В это время на столе старосты, где красовался щегольской хризолитово-бронзовый письменный прибор, Владимир Ильич заметил два телеграфных бланка, заполненных каким-то сходным на том и другом текстом, разобрал на одном из них свою фамилию и спросил, невольно придвигаясь к столу:
— По-видимому, господин староста, это обо мне получили вы телеграммы от директора краковской полиции, не так ли?
Староста выдвинул вперед одну руку, как для защиты, другою накрыл и придвинул к себе обе телеграммы (одна была передана ему жандармом Матыщуком) и сказал почти испуганно:
— Вы не имеете права задавать мне вопросы!
Выждав несколько мгновений, он продолжал уже более пониженным тоном:
— Разумеется, после обыска у вас, произведенного вчера вечером, вы имели время предпринять шаги для своей реабилитации, но отношение краковской полиции в вашем деле бесполезно: оно касается прошлого, а не настоящего… Сколько времени прошло, как вы уехали из Кракова в Поронин?
— Три месяца, но, тем не менее…
— Как же может ручаться за вас краковская полиция, если вы уже три месяца живете не в Кракове? — перебил староста. — Тем более что теперь военное время и наблюдение со стороны полиции гораздо строже. А у вас вот, оказывается, отобран во время обыска браунинг! Спрашивается, зачем вы хранили его, не имея на то разрешения от краковской полиции, к которой обращались?
— Револьвер мой не был заряжен, — сказал Владимир Ильич, — а незаряженный револьвер такое же оружие, как любой камень того же веса.
— Однако у вас в столе хранился не камень, а что касается патронов…
— То их вообще у меня не было, — перебил теперь уже Владимир Ильич.
— То они, конечно, хранились вами где-нибудь в другом месте, — докончил староста. — А эти тетради ваши, полные статистических данных об Австрии?

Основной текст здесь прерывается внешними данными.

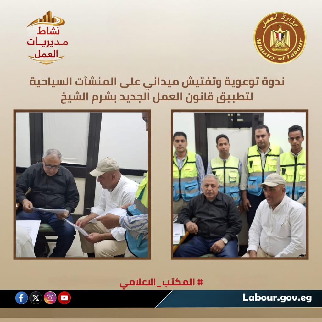 9-ندوة توعوية وتفتيش ميداني على المنشآت السياحية لتطبيق قانون العمل الجديد بشرم الشيخ
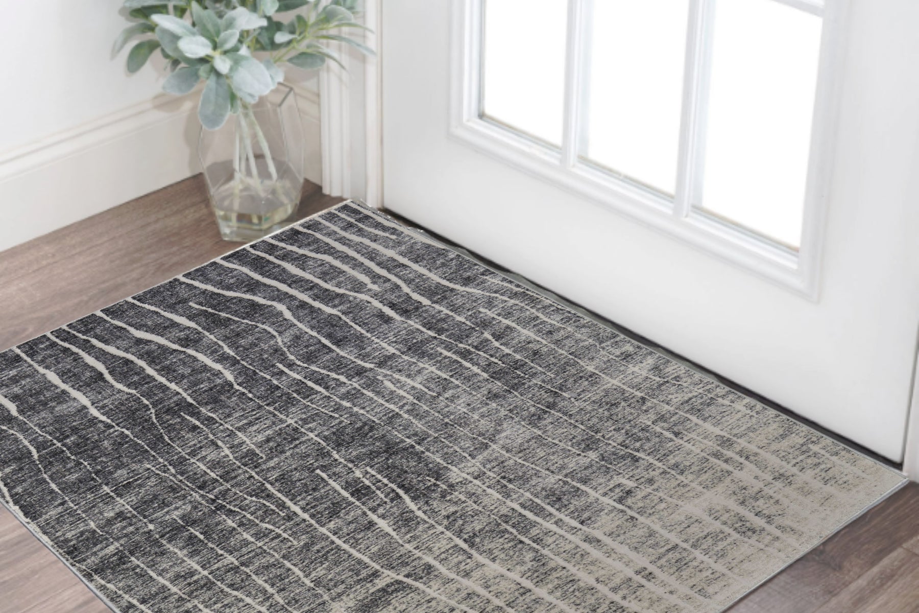 This 2-foot x 3-foot black gray and ivory abstract power loom area rug, is a great way to add warmth to a room. This rectangle shaped rug features a abstract design that will add a functional and decorative accent to your space. Ideal for spaces with kids and pets, this rug is stain resistant to help repel dirt and spilled liquids. This smaller sized rug is just what you need for your walkway, or in front of door, cabinet, refrigerator, or chair. 26-inch h x 36-inch w x 0.41-inch d

И он начал перелистывать одну из тетрадей, явно не интересуясь содержанием ее и останавливаясь глазами только на рядах цифр.
— Относительно этой работы своей я могу сказать следующее, — начал Владимир Ильич, стараясь сохранить, но все-таки теряя равновесие ввиду явной пристрастности всего этого допроса. — Когда я поселился в Кракове года два назад, я в своем ответе на вопрос в комиссариате, с какою целью я поселяюсь в Галиции, поставил в известность краковскую полицию, что желаю познакомиться со здешними аграрными условиями, так как я — литератор, журналист, сотрудник газет, социал-демократ по своим убеждениям — преимущественно этими вопросами и занимаюсь… Совершенно естественно, что эти тетради являются результатом моего долговременного труда именно в области аграрного вопроса в Австрии.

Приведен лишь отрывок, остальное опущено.